The strangest moment occurs at line ten — where, in the chaos of the storm, and in possibly the closest thing to a volta in this poem, the language itself turns strange. The poem shifts its gaze from the scene outside to the interior of the cottage, from whose doorway the cotter has been peering out. Though “glabber” is a Scots word for liquefied mud, we seem to be, now, huddled around a fire, with “flaze” apparently signifying gazing at the fire — the people talking until a frightened woman hushes them to listen to the storm’s ferocity. Only when the wind has blown itself out, and the end of the world hasn’t happened, can anyone go to bed.




The layering of comparisons and personifications is also really strange!
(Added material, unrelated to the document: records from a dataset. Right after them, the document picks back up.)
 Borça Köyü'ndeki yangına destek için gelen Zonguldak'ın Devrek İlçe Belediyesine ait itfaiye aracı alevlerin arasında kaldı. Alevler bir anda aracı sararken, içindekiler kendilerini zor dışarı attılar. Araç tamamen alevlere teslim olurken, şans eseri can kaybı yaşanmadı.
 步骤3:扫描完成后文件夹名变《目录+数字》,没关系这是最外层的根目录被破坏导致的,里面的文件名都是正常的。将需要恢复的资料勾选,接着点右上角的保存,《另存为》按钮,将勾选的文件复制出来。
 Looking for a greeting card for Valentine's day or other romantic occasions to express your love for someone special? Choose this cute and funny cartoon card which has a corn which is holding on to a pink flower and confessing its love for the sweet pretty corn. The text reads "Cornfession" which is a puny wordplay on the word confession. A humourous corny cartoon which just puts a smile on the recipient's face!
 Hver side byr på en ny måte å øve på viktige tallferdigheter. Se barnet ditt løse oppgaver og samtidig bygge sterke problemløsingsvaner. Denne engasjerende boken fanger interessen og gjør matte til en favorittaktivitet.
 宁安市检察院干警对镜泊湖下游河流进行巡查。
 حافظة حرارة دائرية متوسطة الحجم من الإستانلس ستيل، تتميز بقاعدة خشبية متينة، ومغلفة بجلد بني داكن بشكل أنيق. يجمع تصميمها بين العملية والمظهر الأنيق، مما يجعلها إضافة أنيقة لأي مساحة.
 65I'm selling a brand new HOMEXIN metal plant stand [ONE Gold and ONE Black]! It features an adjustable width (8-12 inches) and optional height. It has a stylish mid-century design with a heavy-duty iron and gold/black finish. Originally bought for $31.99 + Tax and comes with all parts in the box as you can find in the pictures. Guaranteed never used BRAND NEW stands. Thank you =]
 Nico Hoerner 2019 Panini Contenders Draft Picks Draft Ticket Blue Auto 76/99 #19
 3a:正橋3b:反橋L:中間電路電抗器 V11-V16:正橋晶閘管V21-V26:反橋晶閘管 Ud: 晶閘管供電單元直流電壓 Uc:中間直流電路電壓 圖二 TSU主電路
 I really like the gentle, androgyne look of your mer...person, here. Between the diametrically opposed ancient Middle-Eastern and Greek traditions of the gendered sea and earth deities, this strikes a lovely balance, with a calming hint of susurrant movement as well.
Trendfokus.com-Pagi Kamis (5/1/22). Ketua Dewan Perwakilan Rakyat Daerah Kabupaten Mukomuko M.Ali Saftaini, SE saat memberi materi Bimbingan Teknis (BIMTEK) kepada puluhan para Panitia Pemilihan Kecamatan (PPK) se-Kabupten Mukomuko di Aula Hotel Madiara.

"Darkness", which "Clamours with dismal tidings", is personified - and yet is itself compared to "midnight from" the personified "sobbing woods"! And then, what is the grammatical subject of "Roaring" (which is itself compared to "rivers breaking loose in floods")? Is it the "the rain" itself? Is it the "dismal tidings" of darkness' "clamours"?
And then..."travel" itself being personified caught me off guard.
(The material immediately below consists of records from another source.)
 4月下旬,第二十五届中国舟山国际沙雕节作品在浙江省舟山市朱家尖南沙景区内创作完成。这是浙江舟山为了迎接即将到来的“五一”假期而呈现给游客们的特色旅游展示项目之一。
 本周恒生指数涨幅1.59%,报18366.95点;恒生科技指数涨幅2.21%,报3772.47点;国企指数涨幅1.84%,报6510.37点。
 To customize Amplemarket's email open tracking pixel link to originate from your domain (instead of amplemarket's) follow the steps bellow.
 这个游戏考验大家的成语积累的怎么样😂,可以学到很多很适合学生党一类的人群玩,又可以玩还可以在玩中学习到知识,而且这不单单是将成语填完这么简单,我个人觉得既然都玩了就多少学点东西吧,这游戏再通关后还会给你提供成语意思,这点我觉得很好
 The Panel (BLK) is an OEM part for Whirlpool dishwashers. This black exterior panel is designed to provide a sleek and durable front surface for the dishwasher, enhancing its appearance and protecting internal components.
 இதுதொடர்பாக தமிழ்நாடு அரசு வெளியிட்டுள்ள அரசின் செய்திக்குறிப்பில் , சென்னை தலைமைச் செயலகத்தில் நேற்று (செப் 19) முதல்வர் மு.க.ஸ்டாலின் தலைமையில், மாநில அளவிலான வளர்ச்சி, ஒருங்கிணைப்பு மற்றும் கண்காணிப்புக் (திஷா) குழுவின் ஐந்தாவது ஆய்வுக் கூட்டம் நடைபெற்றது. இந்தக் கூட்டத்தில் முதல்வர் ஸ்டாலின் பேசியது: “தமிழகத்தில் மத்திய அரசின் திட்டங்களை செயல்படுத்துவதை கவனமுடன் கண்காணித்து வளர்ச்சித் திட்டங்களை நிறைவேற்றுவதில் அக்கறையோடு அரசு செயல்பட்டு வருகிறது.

And then there's the layered exploration of darkness & night through sound, texture, and expanse: "Darkness like midnight from the sobbing woods...Clamours", "thickening darkness", "night's black depths".
It's all really strange and off-kilter!
I took "glabber" here to be a neologism and to mean something like chatter/gabble/ babble/jabber referring to the conversation of the people gathered around the flaze (a portmanteau of flame and blaze) who are made to hush by the old woman. And that pair of words is another echo of the confusion of the sounds outside (as without so within?) where one can't quite tell what it is flood or wind.